To make the Code look like the above, I have to make a lot of conversions. For example

# Define DriverEntry wd_main

It's a good feeling that you can finally work in a function that looks more like main. The function wd_dev_create internally calls iocreatedevice. While wd_suc is actually a macro like success.
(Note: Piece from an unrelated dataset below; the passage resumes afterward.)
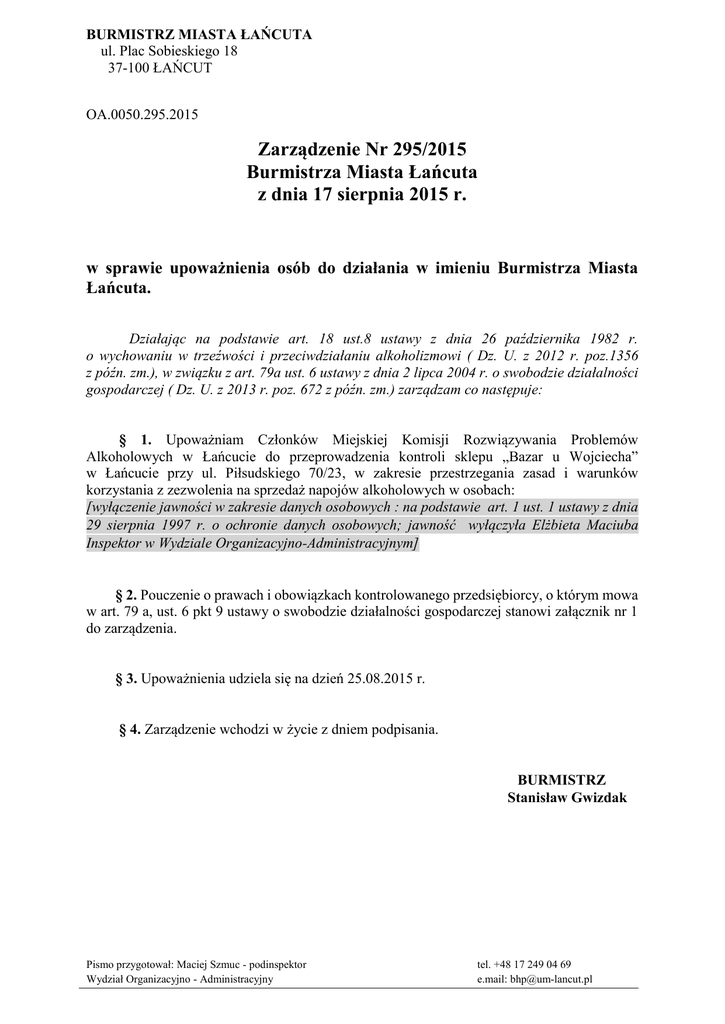 BURMISTRZ MIASTA ŁAŃCUTA ul. Plac Sobieskiego 18 37-100 ŁAŃCUT OA.0050.295.2015 Zarządzenie Nr 295/2015 Burmistrza Miasta Łańcuta z dnia 17 sierpnia 2015 r. w sprawie upoważnienia osób do działania w imieniu Burmistrza Miasta Łańcuta. Działając na podstawie art. 18 ust.8 ustawy z dnia 26 października 1982 r. o wychowaniu w trzeźwości i przeciwdziałaniu alkoholizmowi ( Dz. U. z 2012 r. poz.1356 z późn. zm.), w związku z art. 79a ust. 6 ustawy z dnia 2 lipca 2004 r. o swobodzie działalności gospodarczej ( Dz. U. z 2013 r. poz. 672 z późn. zm.) zarządzam co następuje: § 1. Upoważniam Członków Miejskiej Komisji Rozwiązywania Problemów Alkoholowych w Łańcucie do przeprowadzenia kontroli sklepu „Bazar u Wojciecha” w Łańcucie przy ul. Piłsudskiego 70/23, w zakresie przestrzegania zasad i warunków korzystania z zezwolenia na sprzedaż napojów alkoholowych w osobach: [wyłączenie jawności w zakresie danych osobowych : na podstawie art. 1 ust. 1 ustawy z dnia 29 sierpnia 1997 r. o ochronie danych osobowych; jawność wyłączyła Elżbieta Maciuba Inspektor w Wydziale Organizacyjno-Administracyjnym] § 2. Pouczenie o prawach i obowiązkach kontrolowanego przedsiębiorcy, o którym mowa w art. 79 a, ust. 6 pkt 9 ustawy o swobodzie działalności gospodarczej stanowi załącznik nr 1 do zarządzenia. § 3. Upoważnienia udziela się na dzień 25.08.2015 r. § 4. Zarządzenie wchodzi w życie z dniem podpisania. BURMISTRZ Stanisław Gwizdak Pismo przygotował: Maciej Szmuc - podinspektor Wydział Organizacyjno - Administracyjny tel. +48 17 249 04 69 e.mail: [email protected] Załącznik Nr 1 do Zarządzenia Nr 295/2015 Burmistrza Miasta Łańcuta z dnia 17 sierpnia 2015 r. POUCZENIE O PRAWACH I OBOWIĄZKACH KONTROLOWANEGO PRZEDSIĘBIORCY Wyciąg z ustawy z dnia 2 lipca 2004 r. o swobodzie działalności gospodarczej ( Dz.U. z 2013 r. poz. 672 z późn. zm.) Rozdział 5 Kontrola działalności gospodarczej przedsiębiorcy. Art. 77. 4. Przedsiębiorcy, który poniósł szkodę na skutek przeprowadzenia czynności kontrolnych z naruszeniem przepisów prawa w zakresie kontroli działalności gospodarczej przedsiębiorcy, przysługuje odszkodowanie. Art. 79. 4. Kontrolę wszczyna się nie wcześniej niż po upływie 7 dni i nie później niż przed upływem 30 dni od dnia doręczenia zawiadomienia o zamiarze wszczęcia kontroli. Jeżeli kontrola nie zostanie wszczęta w terminie 30 dni od dnia doręczenia zawiadomienia, wszczęcie kontroli wymaga ponownego zawiadomienia. Art. 79a. 1. Czynności kontrolne mogą być wykonywane przez pracowników organów kontroli po okazaniu przedsiębiorcy albo osobie przez niego upoważnionej legitymacji służbowej upoważniającej do wykonywania takich czynności oraz po doręczeniu upoważnienia do przeprowadzenia kontroli, chyba że przepisy szczególne przewidują możliwość podjęcia kontroli po okazaniu legitymacji. W takim przypadku upoważnienie doręcza się przedsiębiorcy albo osobie przez niego upoważnionej w terminie określonym w tych przepisach, lecz nie później niż trzeciego dnia od wszczęcia kontroli. 2. Podjęcie czynności kontrolnych po okazaniu legitymacji służbowej, na podstawie przepisów szczególnych, może dotyczyć jedynie przypadków, gdy czynności kontrolne są niezbędne dla przeciwdziałania popełnieniu przestępstwa lub wykroczenia, przeciwdziałania popełnieniu przestępstwa skarbowego lub wykroczenia skarbowego lub zabezpieczenia dowodów jego popełnienia, a także gdy przeprowadzenie kontroli jest uzasadnione bezpośrednim zagrożeniem życia, zdrowia lub środowiska naturalnego. 3. Czynności kontrolne mogą być wykonywane przez osoby niebędące pracownikami organu kontroli, jeżeli przepisy odrębnych ustaw tak stanowią. 8. Zakres kontroli nie może wykraczać poza zakres wskazany w upoważnieniu. 9. W razie nieobecności kontrolowanego przedsiębiorcy lub osoby przez niego upoważnionej, czynności kontrolne mogą być wszczęte po okazaniu legitymacji służbowej pracownikowi kontrolowanego, który może być uznany za osobę, o której mowa w art. 97 ustawy z dnia 23 kwietnia 1964 r. - Kodeks cywilny (Dz. U. Nr 16, poz. 93, z późn. zm.), lub w obecności przywołanego świadka, którym powinien być funkcjonariusz publiczny, niebędący jednak pracownikiem organu przeprowadzającego kontrolę. Art. 79b. W przypadku wszczęcia czynności kontrolnych po okazaniu legitymacji służbowej, przed podjęciem pierwszej czynności kontrolnej, osoba podejmująca kontrolę ma obowiązek poinformować kontrolowanego przedsiębiorcę lub osobę, wobec której podjęto czynności kontrolne, o jego prawach i obowiązkach w trakcie kontroli. Art. 80. 1. Czynności kontrolnych dokonuje się w obecności kontrolowanego lub osoby przez niego upoważnionej. 3. Kontrolowany jest obowiązany do pisemnego wskazania osoby upoważnionej do reprezentowania go w trakcie kontroli, w szczególności w czasie jego nieobecności. 4. Do czasu trwania kontroli, o którym mowa w art. 83 ust. 1, nie wlicza się czasu nieobecności kontrolowanego przedsiębiorcy lub osoby przez niego upoważnionej, jeżeli stanowi to przeszkodę w przeprowadzeniu czynności kontrolnych. 5. W razie nieobecności kontrolowanego lub osoby przez niego upoważnionej albo niewykonania przez kontrolowanego obowiązku, o którym mowa w ust. 3, czynności kontrolne mogą być wykonywane w obecności innego pracownika kontrolowanego, który może być uznany za osobę, o której mowa w art. 97 ustawy z dnia 23 kwietnia 1964 r. - Kodeks cywilny, lub w obecności przywołanego świadka, którym powinien być funkcjonariusz publiczny, niebędący jednak pracownikiem organu przeprowadzającego kontrolę. Art. 80a. 1. Kontrolę przeprowadza się w siedzibie kontrolowanego lub w miejscu wykonywania działalności gospodarczej oraz w godzinach pracy lub w czasie faktycznego wykonywania działalności gospodarczej przez kontrolowanego. 2

// ---------------------- Content in WDF. h ------------------------------
# Include "ntifs. H"

# Define in
# Define out
# Define optional
# Define wd_ustr unicode_string
# Define wdp_ustr punicode_string
# Define wd_main DriverEntry

// Device and driver object type
Typedef driver_object wd_drv;
Typedef device_object wd_dev;
Typedef driver_object wd_pdrv;
Typedef pdevice_object wd_pdev;

Enum {
Wd_dev_disk_fs = file_device_disk_file_system,
Wd_dev_cdrom_fs = file_device_cd_rom_file_system,
Wd_dev_network_fs = file_device_network_file_system
};

// Status-related types and macros
Typedef ntstatus wd_stat;

Enum {
Wd_stat_suc = STATUS_SUCCESS,
Wd_stat_path_not_found = status_object_path_not_found,
Wd_stat_insufficient_res = status_insufficient_resources,
Wd_stat_invalid_dev_req = status_invalid_device_request,
Wd_stat_no_such_dev = status_no_such_device,
Wd_stat_image_already_loaded = status_image_already_loaded,
Wd_stat_more_processing = status_more_processing_required,
Wd_stat_pending = status_pending
};

_ Inline wd_bool wd_suc (wd_stat state)
{
Return nt_success (State );
}

# Define wd_printf0 dbuplint

_ Inline wd_void wd_ustr_init (in out wd_ustr * STR,
In const wd_wchar * chars)
{
Rtlinitunicodestring (STR, chars );
};

_ Inline wd_void wd_ustr_init_em (
In out wd_ustr * STR,
In wd_wchar * chars,
In wd_size size)
{
Rtlinitemptyunicodestring (STR, chars, size );
};

In the WDF. h file, I only extract the required parts. You have a simple "driver" complete code. It can even be compiled and installed. (modify the sfilter. inf file. The method is to change multiple sfilters to "our_fs_filter". I hope you will not encounter any problems during this process ). Then place WDF. h and wdf_filter.c in your new directory, which should contain two other files. One is makefile. Copy it from the sfilter directory. The other is sources. Enter the following content:
Targetname = our_fs_filter
Targetpath = OBJ
Targettype = driver
Drivertype = FS
Browser_info = 1
Sources = wdf_filter.c

After compiling with DDK, you will get our_fs_filter.sys. Install this file in the same directory as the INF file described above.

This driver does not play any role, but you have successfully completed "Hello World ".